Pandemonium instantly descends all around me. The street, which was clear moments ago, is now swarming with cops. There is so much yelling, so much fear. I lower my arms and stand rigidly, unable to move. My heart seems to have stopped. My limbs are not responding to my brain which is telling them to move, to run, to help. But I can't. Nothing is working. Korsak has left my side. He and Dr. Isles are bent over Jane, blocking her from my view. I know that I should be doing something. I should be there supporting my partner. I need to help her fight off the pain; tell her that it will be fine. She will be fine. Yet I still cannot get my legs to listen to me.
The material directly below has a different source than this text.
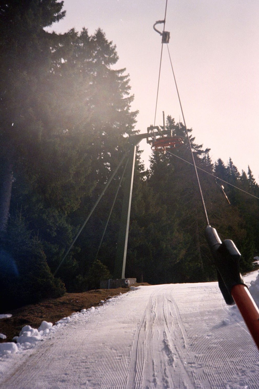 Du wirst lachen, ich war der einzige Skifahrer im ganzen Gebiet. Die Lifte wurden nur für mich ein und danach sofort wieder ausgeschaltet. Der Im ESL iat der Liftler der in die Mittagspause geht. ;-)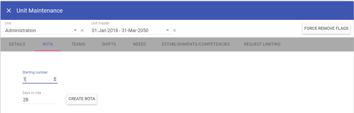 Start date: Enter a date when the unit master will start. This will need to be the same as the date of the first schedule required. Ensure that the date chosen reflects the normal starting day for a rota, if the unit schedules from a Monday ensure the date entered is a Monday.

Is this how Korsak felt when he found Jane with Hoyt, helpless, scared, and guilty? I only ever felt this was when my older sister would protect me from Joe Folly. Even though he was three years older than me and two years older than her she would still get in his way before he could beat me up. Once after school, he came up to us as we were walking home. Sandra had pushed me behind her, refusing to let Joe by. I had crawled backwards across the soccer field too scared to do anything but guilty that it was her and not me. I still feel that was sometimes around Jane, like I need to redeem myself for all the times Sandra stood up for me.
Dr. Isles' panicked cries pierce through my thoughts, jerking me back to reality. "No. nononononono Jane. JANE!" I couldn't do anything now. While the paramedics pull Jane into the ambulance and Korsak holds Dr. Isles I just stand. I stand and watched.